Learning Social Affordance for Human-Robot Interaction
This addresses the challenge of natural human-robot interaction by learning from human demonstrations, though it appears incremental as it builds on existing methods for affordance learning.
The paper tackles the problem of enabling robots to learn social affordances from human activity videos, allowing them to infer and replicate appropriate full-body motions in human-robot interactions, with experimental results showing automatic discovery of semantically meaningful interactive affordances from RGB-D videos.
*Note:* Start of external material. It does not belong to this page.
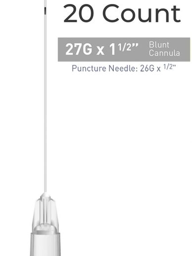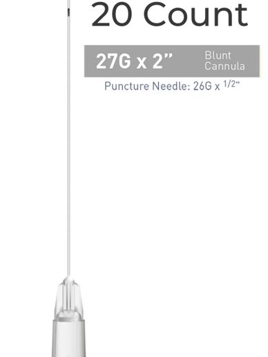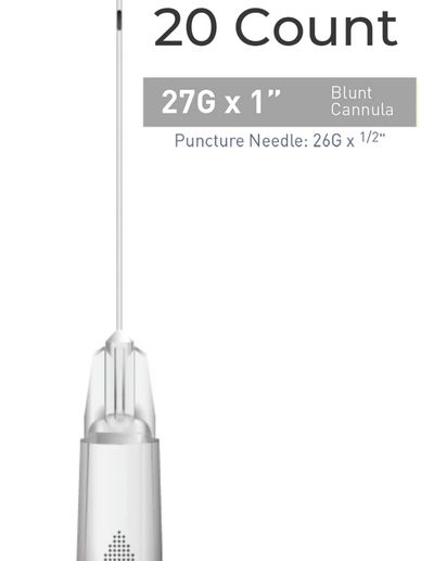 Single Cannula of 27G x 1" (25mm). Blunt, flexible microcannula for atraumatic injections.
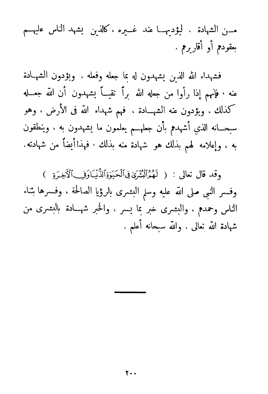 مِنْ الشَّهَادَةِ لِيُؤَدِّيَهَا عِنْدَ غَيْرِهِ كَاَلَّذِينَ يَشْهَدُ النَّاسُ عَلَيْهِمْ بِعُقُودِهِمْ أَوْ أقاريرهم. فَشُهَدَاءُ اللَّهِ الَّذِينَ يَشْهَدُونَ لَهُ بِمَا جَعَلَهُ وَفَعَلَهُ وَيُؤَدُّونَ الشَّهَادَةَ عَنْهُ فَإِنَّهُمْ إذَا رَأَوْا مَنْ جَعَلَهُ اللَّهُ بَرًّا تَقِيًّا يَشْهَدُونَ أَنَّ اللَّهَ جَعَلَهُ كَذَلِكَ وَيُؤَدُّونَ عَنْهُ الشَّهَادَةَ فَهُمْ شُهَدَاءُ اللَّهِ فِي الْأَرْضِ وَهُوَ سُبْحَانَهُ الَّذِي أَشْهَدَهُمْ بِأَنْ جَعَلَهُمْ يَعْلَمُونَ مَا يَشْهَدُونَ بِهِ وَيَنْطِقُونَ بِهِ وَإِعْلَامه لَهُمْ بِذَلِكَ هُوَ شَهَادَةٌ مِنْهُ بِذَلِكَ فَهَذَا أَيْضًا مِنْ شَهَادَتِهِ. وَقَدْ قَالَ تَعَالَى: {لَهُمُ الْبُشْرَى فِي الْحَيَاةِ الدُّنْيَا وَفِي الْآخِرَةِ} وَفَسَّرَ النَّبِيُّ صَلَّى اللَّهُ عَلَيْهِ وَسَلَّمَ الْبُشْرَى بِالرُّؤْيَا الصَّالِحَةِ وَفَسَّرَهَا بِثَنَاءِ النَّاسِ وَحَمْدِهِمْ وَالْبُشْرَى خَبَرٌ بِمَا يُسِرُّ وَالْخَبَرُ شَهَادَةٌ بِالْبُشْرَى مِنْ شَهَادَةِ اللَّهِ تَعَالَى. وَاَللَّهُ سُبْحَانَهُ أَعْلَمُ.

In this paper, we present an approach for robot learning of social affordance from human activity videos. We consider the problem in the context of human-robot interaction: Our approach learns structural representations of human-human (and human-object-human) interactions, describing how body-parts of each agent move with respect to each other and what spatial relations they should maintain to complete each sub-event (i.e., sub-goal). This enables the robot to infer its own movement in reaction to the human body motion, allowing it to naturally replicate such interactions. We introduce the representation of social affordance and propose a generative model for its weakly supervised learning from human demonstration videos. Our approach discovers critical steps (i.e., latent sub-events) in an interaction and the typical motion associated with them, learning what body-parts should be involved and how. The experimental results demonstrate that our Markov Chain Monte Carlo (MCMC) based learning algorithm automatically discovers semantically meaningful interactive affordance from RGB-D videos, which allows us to generate appropriate full body motion for an agent.